Provided data: Begin

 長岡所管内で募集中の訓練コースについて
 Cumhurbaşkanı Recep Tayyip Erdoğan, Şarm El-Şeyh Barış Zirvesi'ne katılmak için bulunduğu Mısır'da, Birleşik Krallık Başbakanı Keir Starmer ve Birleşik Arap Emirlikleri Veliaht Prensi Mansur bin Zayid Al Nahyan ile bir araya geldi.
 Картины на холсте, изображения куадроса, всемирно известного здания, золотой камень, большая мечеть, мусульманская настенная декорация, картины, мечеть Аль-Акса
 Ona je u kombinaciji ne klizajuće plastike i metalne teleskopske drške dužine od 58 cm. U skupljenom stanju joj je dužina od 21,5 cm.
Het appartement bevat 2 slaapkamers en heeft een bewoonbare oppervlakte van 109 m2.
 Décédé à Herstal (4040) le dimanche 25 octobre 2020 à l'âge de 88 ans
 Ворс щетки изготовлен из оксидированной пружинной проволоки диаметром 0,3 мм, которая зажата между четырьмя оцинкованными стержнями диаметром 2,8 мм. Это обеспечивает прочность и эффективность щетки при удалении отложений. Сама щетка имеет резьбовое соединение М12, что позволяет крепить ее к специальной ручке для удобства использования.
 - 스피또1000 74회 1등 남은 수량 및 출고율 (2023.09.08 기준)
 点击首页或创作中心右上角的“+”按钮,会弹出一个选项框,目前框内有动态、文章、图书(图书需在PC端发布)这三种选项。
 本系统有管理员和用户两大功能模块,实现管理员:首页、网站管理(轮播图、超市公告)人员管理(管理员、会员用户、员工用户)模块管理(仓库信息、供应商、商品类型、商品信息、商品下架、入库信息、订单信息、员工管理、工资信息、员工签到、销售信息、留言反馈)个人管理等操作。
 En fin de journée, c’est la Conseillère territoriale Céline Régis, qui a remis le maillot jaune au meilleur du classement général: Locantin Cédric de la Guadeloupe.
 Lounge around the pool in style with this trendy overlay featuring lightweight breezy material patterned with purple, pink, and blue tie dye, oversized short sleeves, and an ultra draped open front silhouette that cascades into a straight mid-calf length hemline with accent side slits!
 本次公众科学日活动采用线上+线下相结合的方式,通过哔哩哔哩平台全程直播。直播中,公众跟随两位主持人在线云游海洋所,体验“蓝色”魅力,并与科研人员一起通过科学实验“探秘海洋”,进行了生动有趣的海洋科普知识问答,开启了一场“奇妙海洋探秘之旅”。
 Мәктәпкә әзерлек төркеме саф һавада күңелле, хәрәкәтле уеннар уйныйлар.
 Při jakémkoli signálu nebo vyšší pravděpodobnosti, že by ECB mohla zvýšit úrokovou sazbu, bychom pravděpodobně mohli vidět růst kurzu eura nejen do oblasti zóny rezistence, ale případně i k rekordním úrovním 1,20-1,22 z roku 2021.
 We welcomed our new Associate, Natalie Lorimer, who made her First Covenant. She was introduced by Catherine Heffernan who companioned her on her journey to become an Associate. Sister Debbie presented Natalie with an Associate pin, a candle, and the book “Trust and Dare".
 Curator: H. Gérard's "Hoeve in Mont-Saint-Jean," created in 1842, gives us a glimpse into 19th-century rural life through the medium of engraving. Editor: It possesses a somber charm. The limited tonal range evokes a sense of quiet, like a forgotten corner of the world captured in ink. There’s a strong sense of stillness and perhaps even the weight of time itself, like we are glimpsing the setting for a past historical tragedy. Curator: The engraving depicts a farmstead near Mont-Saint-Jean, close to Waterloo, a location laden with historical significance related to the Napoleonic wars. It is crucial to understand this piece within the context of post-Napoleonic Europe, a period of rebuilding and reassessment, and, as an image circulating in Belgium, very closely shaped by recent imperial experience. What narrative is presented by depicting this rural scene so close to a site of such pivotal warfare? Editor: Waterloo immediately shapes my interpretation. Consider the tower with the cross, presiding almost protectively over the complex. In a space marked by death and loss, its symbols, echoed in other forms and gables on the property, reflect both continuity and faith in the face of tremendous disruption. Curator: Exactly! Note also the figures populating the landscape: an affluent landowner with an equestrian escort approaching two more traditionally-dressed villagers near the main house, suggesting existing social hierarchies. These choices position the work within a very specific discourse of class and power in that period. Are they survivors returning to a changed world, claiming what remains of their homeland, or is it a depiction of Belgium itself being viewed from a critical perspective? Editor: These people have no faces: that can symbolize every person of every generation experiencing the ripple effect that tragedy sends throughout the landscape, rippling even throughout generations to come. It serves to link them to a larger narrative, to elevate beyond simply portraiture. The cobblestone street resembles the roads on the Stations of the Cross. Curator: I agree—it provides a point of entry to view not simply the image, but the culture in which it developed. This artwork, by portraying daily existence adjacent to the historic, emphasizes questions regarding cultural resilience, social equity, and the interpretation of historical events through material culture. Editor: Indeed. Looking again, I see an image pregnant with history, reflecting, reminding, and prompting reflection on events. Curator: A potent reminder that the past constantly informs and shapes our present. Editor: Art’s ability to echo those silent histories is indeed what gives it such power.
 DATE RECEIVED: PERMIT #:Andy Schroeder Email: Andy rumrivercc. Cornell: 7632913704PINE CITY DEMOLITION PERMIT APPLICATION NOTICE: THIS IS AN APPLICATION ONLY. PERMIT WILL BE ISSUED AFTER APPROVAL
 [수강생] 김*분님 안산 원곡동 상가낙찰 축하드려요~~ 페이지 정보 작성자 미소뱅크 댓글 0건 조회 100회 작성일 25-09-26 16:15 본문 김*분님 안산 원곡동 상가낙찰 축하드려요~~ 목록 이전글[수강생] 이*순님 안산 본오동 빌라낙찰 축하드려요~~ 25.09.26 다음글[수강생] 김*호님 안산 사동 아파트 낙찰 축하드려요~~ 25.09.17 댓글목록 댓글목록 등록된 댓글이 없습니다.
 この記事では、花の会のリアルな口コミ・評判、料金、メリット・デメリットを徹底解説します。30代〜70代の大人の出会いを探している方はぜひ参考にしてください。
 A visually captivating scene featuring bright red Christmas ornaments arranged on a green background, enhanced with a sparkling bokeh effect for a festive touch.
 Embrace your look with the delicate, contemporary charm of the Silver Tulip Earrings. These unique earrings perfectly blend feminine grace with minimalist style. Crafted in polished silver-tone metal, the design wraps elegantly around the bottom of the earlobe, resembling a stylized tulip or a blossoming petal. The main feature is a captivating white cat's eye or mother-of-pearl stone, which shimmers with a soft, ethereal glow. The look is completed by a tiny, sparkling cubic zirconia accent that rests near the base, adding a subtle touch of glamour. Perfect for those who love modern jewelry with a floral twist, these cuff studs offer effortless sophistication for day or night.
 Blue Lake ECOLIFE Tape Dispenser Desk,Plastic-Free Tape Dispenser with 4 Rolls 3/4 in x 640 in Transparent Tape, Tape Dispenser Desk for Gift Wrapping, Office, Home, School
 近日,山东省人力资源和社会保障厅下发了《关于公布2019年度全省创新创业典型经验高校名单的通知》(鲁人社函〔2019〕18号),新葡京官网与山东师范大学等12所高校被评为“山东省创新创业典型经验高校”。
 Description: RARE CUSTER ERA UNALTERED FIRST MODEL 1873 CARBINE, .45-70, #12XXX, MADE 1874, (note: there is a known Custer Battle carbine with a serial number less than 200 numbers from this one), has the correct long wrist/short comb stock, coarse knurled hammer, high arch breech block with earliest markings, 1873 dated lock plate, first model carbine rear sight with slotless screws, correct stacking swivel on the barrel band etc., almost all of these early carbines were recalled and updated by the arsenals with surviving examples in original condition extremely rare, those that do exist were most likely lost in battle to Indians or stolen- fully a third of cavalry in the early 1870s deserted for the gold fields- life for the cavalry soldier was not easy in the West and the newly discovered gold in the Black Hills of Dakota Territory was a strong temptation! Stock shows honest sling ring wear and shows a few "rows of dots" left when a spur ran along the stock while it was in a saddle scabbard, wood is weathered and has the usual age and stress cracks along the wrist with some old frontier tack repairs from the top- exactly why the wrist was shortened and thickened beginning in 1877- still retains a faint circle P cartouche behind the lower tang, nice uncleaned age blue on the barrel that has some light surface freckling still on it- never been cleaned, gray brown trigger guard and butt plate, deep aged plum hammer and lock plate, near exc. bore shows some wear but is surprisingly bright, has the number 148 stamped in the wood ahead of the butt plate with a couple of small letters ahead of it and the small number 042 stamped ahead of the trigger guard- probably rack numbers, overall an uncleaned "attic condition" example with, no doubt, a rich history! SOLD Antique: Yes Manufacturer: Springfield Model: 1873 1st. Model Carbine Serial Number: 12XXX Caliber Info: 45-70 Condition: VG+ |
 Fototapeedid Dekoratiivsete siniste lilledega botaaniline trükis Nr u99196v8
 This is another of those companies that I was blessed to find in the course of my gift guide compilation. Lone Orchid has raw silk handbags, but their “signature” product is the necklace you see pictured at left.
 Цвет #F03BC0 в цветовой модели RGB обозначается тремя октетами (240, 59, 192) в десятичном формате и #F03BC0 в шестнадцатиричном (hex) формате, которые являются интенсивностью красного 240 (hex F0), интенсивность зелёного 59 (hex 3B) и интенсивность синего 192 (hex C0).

Provided data: End

— Exercise —
Up to and including the line that holds "Décédé à Herstal (4040)", reproduce the records above exactly from their first line, and give nothing else.

— Written response —
 長岡所管内で募集中の訓練コースについて
 Cumhurbaşkanı Recep Tayyip Erdoğan, Şarm El-Şeyh Barış Zirvesi'ne katılmak için bulunduğu Mısır'da, Birleşik Krallık Başbakanı Keir Starmer ve Birleşik Arap Emirlikleri Veliaht Prensi Mansur bin Zayid Al Nahyan ile bir araya geldi.
 Картины на холсте, изображения куадроса, всемирно известного здания, золотой камень, большая мечеть, мусульманская настенная декорация, картины, мечеть Аль-Акса
 Ona je u kombinaciji ne klizajuće plastike i metalne teleskopske drške dužine od 58 cm. U skupljenom stanju joj je dužina od 21,5 cm.
Het appartement bevat 2 slaapkamers en heeft een bewoonbare oppervlakte van 109 m2.
 Décédé à Herstal (4040) le dimanche 25 octobre 2020 à l'âge de 88 ans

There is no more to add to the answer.